## INPUT DATA
==*==

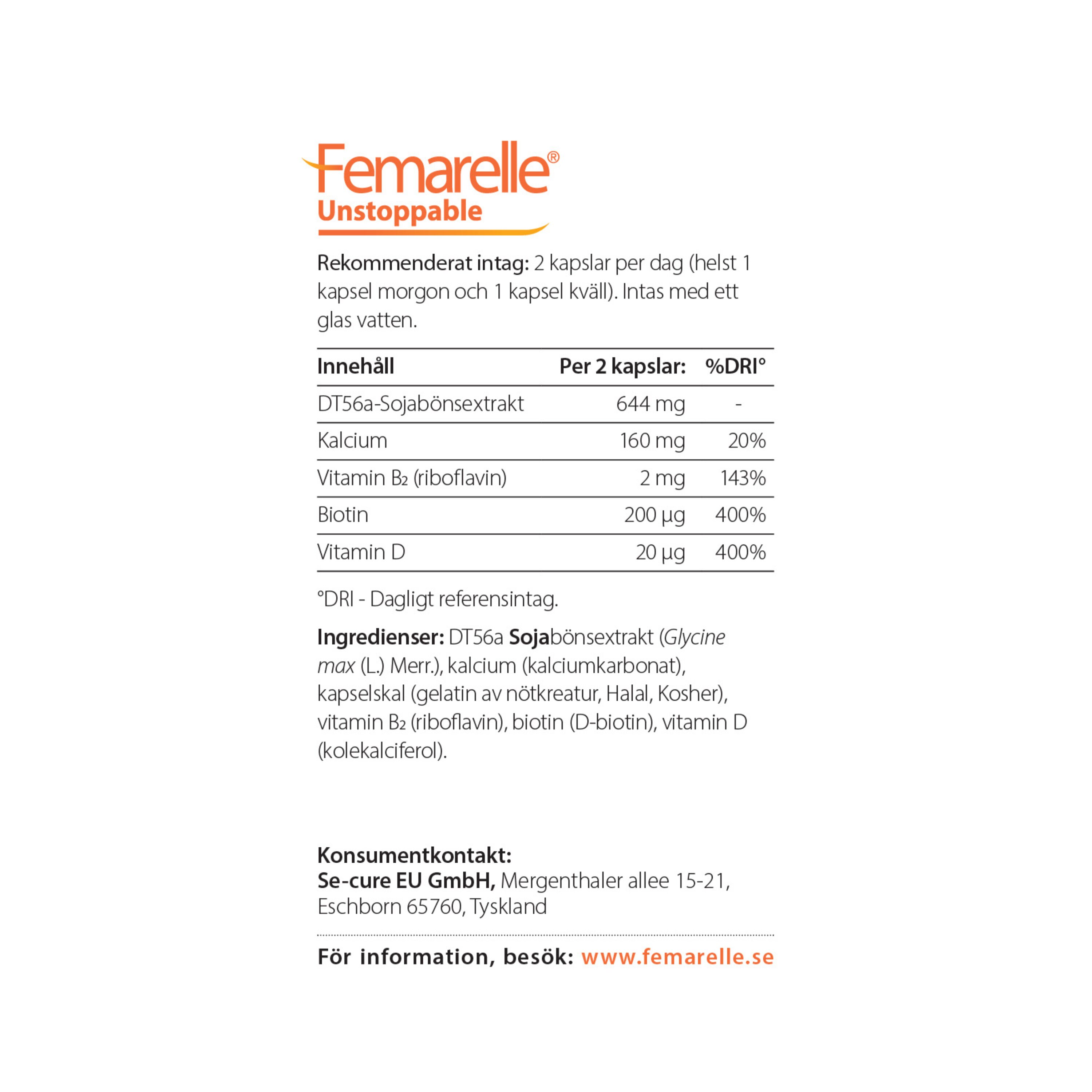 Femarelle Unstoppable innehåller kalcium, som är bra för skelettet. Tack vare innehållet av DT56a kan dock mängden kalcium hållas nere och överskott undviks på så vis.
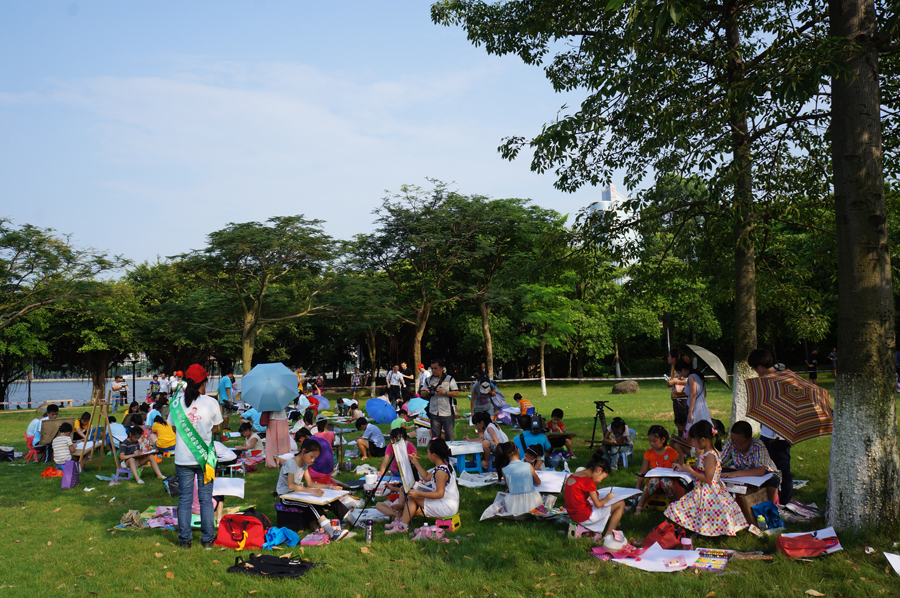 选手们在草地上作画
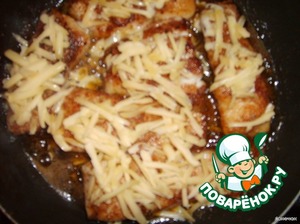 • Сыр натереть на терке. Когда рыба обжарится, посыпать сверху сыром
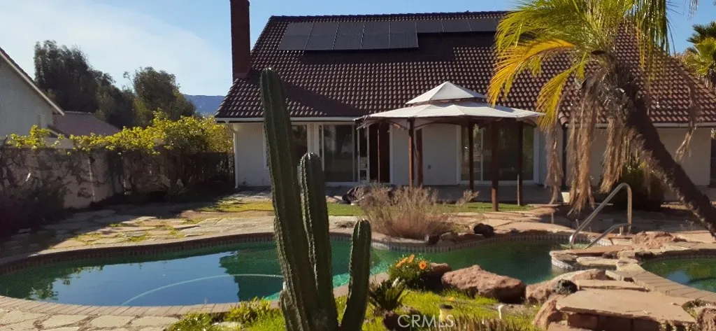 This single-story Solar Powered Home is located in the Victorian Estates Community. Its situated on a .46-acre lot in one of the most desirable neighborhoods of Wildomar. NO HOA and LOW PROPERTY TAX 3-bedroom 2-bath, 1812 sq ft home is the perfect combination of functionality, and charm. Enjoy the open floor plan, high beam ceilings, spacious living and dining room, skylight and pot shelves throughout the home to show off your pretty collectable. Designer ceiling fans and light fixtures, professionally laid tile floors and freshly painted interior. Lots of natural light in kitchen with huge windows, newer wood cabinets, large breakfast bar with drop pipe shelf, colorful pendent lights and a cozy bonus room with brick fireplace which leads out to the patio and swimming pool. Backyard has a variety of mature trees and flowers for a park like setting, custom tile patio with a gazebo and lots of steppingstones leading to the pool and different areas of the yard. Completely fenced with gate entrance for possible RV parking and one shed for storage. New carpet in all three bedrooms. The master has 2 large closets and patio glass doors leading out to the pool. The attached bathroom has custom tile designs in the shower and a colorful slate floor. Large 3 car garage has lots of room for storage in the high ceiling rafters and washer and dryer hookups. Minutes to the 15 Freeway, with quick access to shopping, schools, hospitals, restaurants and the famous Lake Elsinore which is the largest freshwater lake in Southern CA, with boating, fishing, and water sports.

==*==

## EXERCISE INSTRUCTIONS
The pictures in the data should be omitted, and every remaining line set down exactly.

## WRITTEN RESPONSE
 Femarelle Unstoppable innehåller kalcium, som är bra för skelettet. Tack vare innehållet av DT56a kan dock mängden kalcium hållas nere och överskott undviks på så vis.
 选手们在草地上作画
 • Сыр натереть на терке. Когда рыба обжарится, посыпать сверху сыром
 This single-story Solar Powered Home is located in the Victorian Estates Community. Its situated on a .46-acre lot in one of the most desirable neighborhoods of Wildomar. NO HOA and LOW PROPERTY TAX 3-bedroom 2-bath, 1812 sq ft home is the perfect combination of functionality, and charm. Enjoy the open floor plan, high beam ceilings, spacious living and dining room, skylight and pot shelves throughout the home to show off your pretty collectable. Designer ceiling fans and light fixtures, professionally laid tile floors and freshly painted interior. Lots of natural light in kitchen with huge windows, newer wood cabinets, large breakfast bar with drop pipe shelf, colorful pendent lights and a cozy bonus room with brick fireplace which leads out to the patio and swimming pool. Backyard has a variety of mature trees and flowers for a park like setting, custom tile patio with a gazebo and lots of steppingstones leading to the pool and different areas of the yard. Completely fenced with gate entrance for possible RV parking and one shed for storage. New carpet in all three bedrooms. The master has 2 large closets and patio glass doors leading out to the pool. The attached bathroom has custom tile designs in the shower and a colorful slate floor. Large 3 car garage has lots of room for storage in the high ceiling rafters and washer and dryer hookups. Minutes to the 15 Freeway, with quick access to shopping, schools, hospitals, restaurants and the famous Lake Elsinore which is the largest freshwater lake in Southern CA, with boating, fishing, and water sports.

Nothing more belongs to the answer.